Metadata-Version: 2.1
Name: databird
Version: 0.6.2
Summary: Keeps a local data repository up to date with different remote data sources.
Home-page: https://github.com/jonas-hagen/databird
Author: Jonas Hagen
Author-email: jonas.hagen@iap.unibe.ch
Maintainer: Jonas Hagen
Maintainer-email: jonas.hagen@iap.unibe.ch
License: MIT
Download-URL: https://github.com/jonas-hagen/databird/archive/databird-0.6.2.tar.gz
Platform: UNKNOWN
Classifier: Operating System :: OS Independent
Requires-Python: >=3.5.*, <4
Description-Content-Type: text/markdown
Requires-Dist: click
Requires-Dist: dict-recursive-update
Requires-Dist: frozendict
Requires-Dist: mr.bob
Requires-Dist: ruamel.yaml

[![Build Status](https://travis-ci.org/jonas-hagen/databird.svg?branch=master)](https://travis-ci.org/jonas-hagen/databird)

# databird

Periodically retrieve data from different sources.

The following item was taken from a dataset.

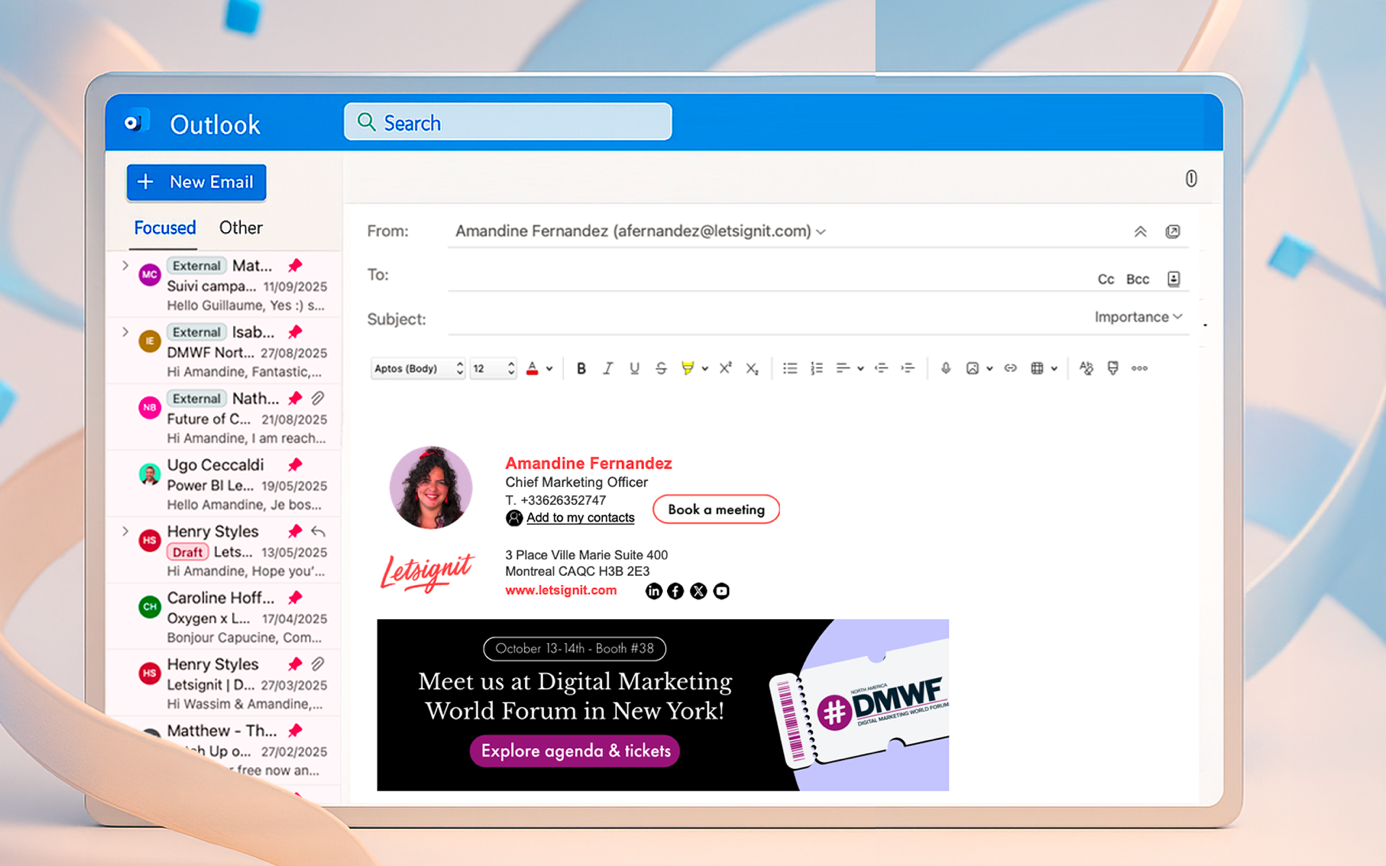 This is exactly what Letsignit delivers. Built with Microsoft technology, it syncs automatically with Azure Active Directory (Microsoft Entra ID), so job titles, addresses, and phone numbers are always up to date without employee action. Legal disclaimers are enforced globally across devices, while IT keeps security and governance intact. For employees, signatures integrate seamlessly no matter which device they use, and they can even select the version most appropriate for their contact, their language, or the campaign in play.
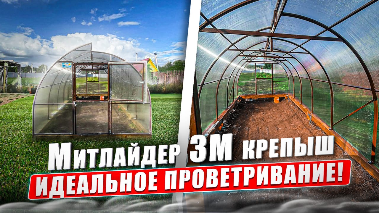 МИТЛАЙДЕР 3М КРЕПЫШ 3Х6. ЭФФЕКТИВНОЕ ПРОВЕТРИВАНИЕ. Хобби? Увлечение? Или желание вырастить и скушать свои овощи? Тогда вам нужна теплица! И самое главное чтобы хорошо проветривалась и зимой не обрушилась под толщей снега?? Встречаем, теплица «Митлайдер 3М» Ширина 3 Метра Длина 6 Метров Высота 2,3 метра Верхние фрамуги ручные в комплекте, установлены термоприводы. Каркас изготовлен из оцинкованной профильной трубы двух видов: 20/40/1,4 и 20/20/1,2 мм ✅ Защита от коррозии: гальваническое цинкование и полимерно порошковая покраска цвет 8017 шоколад Задавайте вопросы, с удовольствием ответим Заказать расчет и консультацию Тел.: +7(343) 201-14-05 WhatsApp? +7 (902) 584-41-15 ? Екатеринбург, Климовская 23 ? ural-usadba.ru

The `databird` package only provides a framework to plan and run the tasks needed to keep a local data-file-store up do date with various remote sources.
The remote sources can be anything (e.g. FTP Server, ECMWF, HTTP Api, SQL database, ...), as long as there is a *databird-driver* available for the specific source.

## Usage

Databird is configured with configuration files and invoked by

```
$ databird retrieve -c /etc/databird/databird.conf

# or (as the above is the default)
$ databird retrieve
```

You can store the configuration files anywhere and for example run the above command periodically as cron job.

## Configuration

The following example configuration defines a repository, which is populated with daily GNSS data from [ftp://cddis.nasa.gov/gnss/data/daily/](ftp://cddis.nasa.gov/gnss/data/daily/).

The main configuration file (usually `databird.conf`) could look like that:

```yml
general:
  root: /data/repos # root path for data repositories
  num-workers: 16   # max number of async workers
  include: "databird.conf.d/*.conf"  # include config files
```

Generally you can configure anything in any file, as all configuration files are merged to one configuration tree. The `include` option is an exception, as it can only be declared in the top config file.

Then in `databird.conf.d/cddis.conf` you can configure a profile and a repository:

```yml
profiles:
  nasa_cddis:
    driver: standard.FtpDriver
    configuration:
      host: cddis.nasa.gov
      user: anonymous
      password: ""
      tls: False

repositories:
  nasa_gnss:
    description: Data from NASAs Archive of Space Geodesy Data
    profile: nasa_cddis
    period: 1 day
    delay: 2 days
    start: 2019-01-01
    targets:
      status: "{time:%Y}/cddis_gnss_{iso_date}.status"
    configuration:
      user: anonymous  # this could override 'user' from profile
      root: "/gnss/data/daily"
      patterns:
        status: "{time:%Y}/{time:%j}/{time:%y%j}.status"
```

When calling databird with this configuration the following is achieved:

* A repository in the folder `/data/repos/nasa_gnss/` is created
* For every day, a file like `2019/nasa_gnss_2019-01-20.status` is expected
* If that file is missing, retrieve it from `ftp://cddis.nasa.gov/gnss/data/daily/2019/020/19020.status`
* If there are many files missing, the data is retrieved asynchronously

This example used the `standard.FTPDriver`.

## Drivers

Anyone can write drivers (see below). Currently, the following drivers are available:

* `standard.FilesystemDriver`: Retrieve data from the local filesystem (included)
* `standard.FtpDriver`: Retrieve data from an FTP server (included)
* `ecmwf.EcmwfDriver`: Retrieve data from the European Centre for Medium-Range Weather Forecasts (ECMWF) via their API (to be anounced)
* `c3s.C3SDriver`: Retrieve data from the Copernicus Climate Change Service (C3S) via their API (to be anounced)


## Development

1. Create a Python environment and activate it
   ``` shell
   $ python3 -m venv . && source bin/activate
   ```
2. Install the development environment:
   ``` shell
   (databird) $ pip install -r requirements/development.txt
   ```

### Writing a new driver

Drivers are published in a namespace package `databird-drivers`. Everyone can develop drivers and share them.

Install `databird` and run mr.bob to create a new driver package:

```
(databird) $ cd $HOME/projects
(databird) $ python -m mrbob.cli databird.blueprints:driver
```

After answering some questions, a new directory `databird-driver-<chosen_name>` is created.
Lets asume `<chosen_name> = foo`, then your driver is usually implemented in `databird/drivers/foo/foo.py` in a class named `FooDriver()`.
Until more documentation is available, you have to look at the code to figure out how to write a driver.

Other people will be able to use it with `driver: foo.FooDriver`.

Tell me if you wrote a new driver, so I can include it in the list.